Apabila anak sering jongkok setelah bermain juga perlu diwaspadai ia mengidap PJB.
Apabila muncul tanda keburuan mendadak bertambah berat disertai gelisah atau penurunan kesadaran, harus selekasnya dibawa ke rumah sakit. “Kondisi ini termasuk gawat darurat, hypoxic spell, dan harus segera mendapat pertolongan medis,” ujar dr. Yovi.
Spell hypoxia atau cyanotic spell merupakan kondisi gawat darurat berupa serangan penurunan oksigen secara drastis pada anak dengan PJB biru (seperti Tetralogy of Fallot), ditandai dengan kulit, bibir, dan kuku yang membiru secara tiba-tiba akibat aliran darah ke paru yang berkurang drastis
Tak PJB terdiagnosis pada masa kanak-kanak. Menurut dr. Yovi, cukup banyak pasien baru mengetahuinya saat dewasa, misalnya Atrial Septal Defect (ASD), yaitu lubang pada sekat antara serambi kanan dan kiri jantung, Ventricular Septal Defect (VSD), kelainan jantung bawaan berupa lubang pada sekat antara bilik kiri dan kanan jantung, dan Patent Ductus Arteriosus (PDA), terjadi karena pembuluh darah ductus arteriosus tetap terbuka setelah lahir, yang seharusnya menutup dalam 12–24 jam.

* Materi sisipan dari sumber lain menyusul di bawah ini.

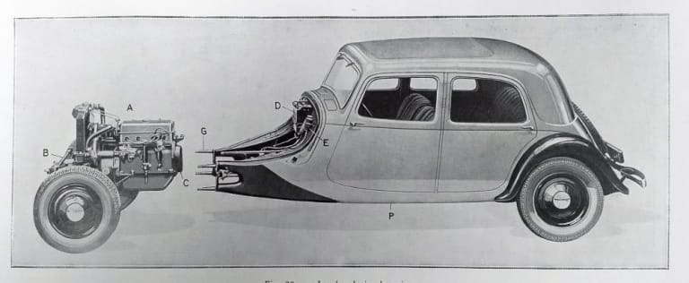 Pour le second opus, André Citroën a retenu la leçon. Malgré la mévente des Rosalies, les effets sensibles de la crise de 1929 et la fâcheuse tendance de Monsieur André à dépenser son argent dans tous les casinos de France et de Navarre, la décision est prise : lancer une voiture révolutionnaire. André Lefebvre, ingénieur génial venu de chez Gabriel Voisin, s’y colle pour développer une auto qui sort du lot. Au programme, “traction avant” (un pléonasme qu’on aimera longtemps chez Citroën) permettant d’abaisser le centre de gravité, mais aussi une carrosserie monocoque signée Flaminio Bertoni en même temps futuriste et bien dans son époque (une gageure), permettant, elle, une meilleure rigidité. Côté suspension, on n’est pas encore à l’hydraulique mais on se passe des lames et ressorts à l’ancienne pour des barres de torsion et des roues semi-indépendantes.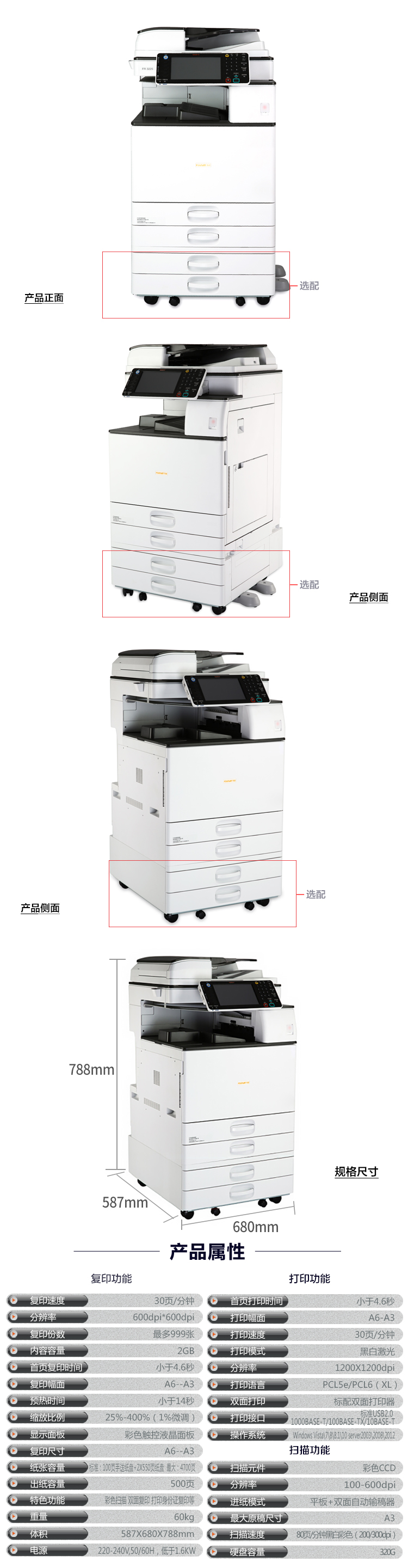 • 商品名称:方正(Founder)FR-3230 A3多功能黑白数码复合机 扫描复印机打印机 双层纸盒+双面输稿器 原价:26900元

Bila tidak ditangani, kelainan ini dapat menimbulkan komplikasi serius seperti gagal jantung, hipertensi paru, hingga endokarditis. Karena itu, pasien juga perlu memperhatikan kesehatan gigi dan mulut, karena infeksi dari gigi berlubang dapat memicu infeksi pada jantung.
Menggunakan metode zero fluoroscopy, dokter dapat melakukan prosedur penutupan ASD, VSD, maupun PDA tanpa paparan sinar-X sama sekali. Sebagai gantinya, dokter menggunakan panduan ekokardiografi secara real-time, termasuk Transesophageal Echocardiography (TEE) yang dimasukkan melalui kerongkongan untuk gambaran yang lebih presisi.
“Zero fluoroscopy dilakukan tanpa menggunakan radiasi. Semua dipandu dengan echocardiography sehingga lebih aman, terutama bagi anak-anak,” terang dr. Yovi.
Teknik tersebut dapat melindungi dokter dan tenaga medis yang rutin menjalankan prosedur intervensi jantung. Prosedur ini telah dilakukan rutin di RS Pondok Indah sebagai bagian dari pengembangan layanan kardiologi intervensi modern. (BS)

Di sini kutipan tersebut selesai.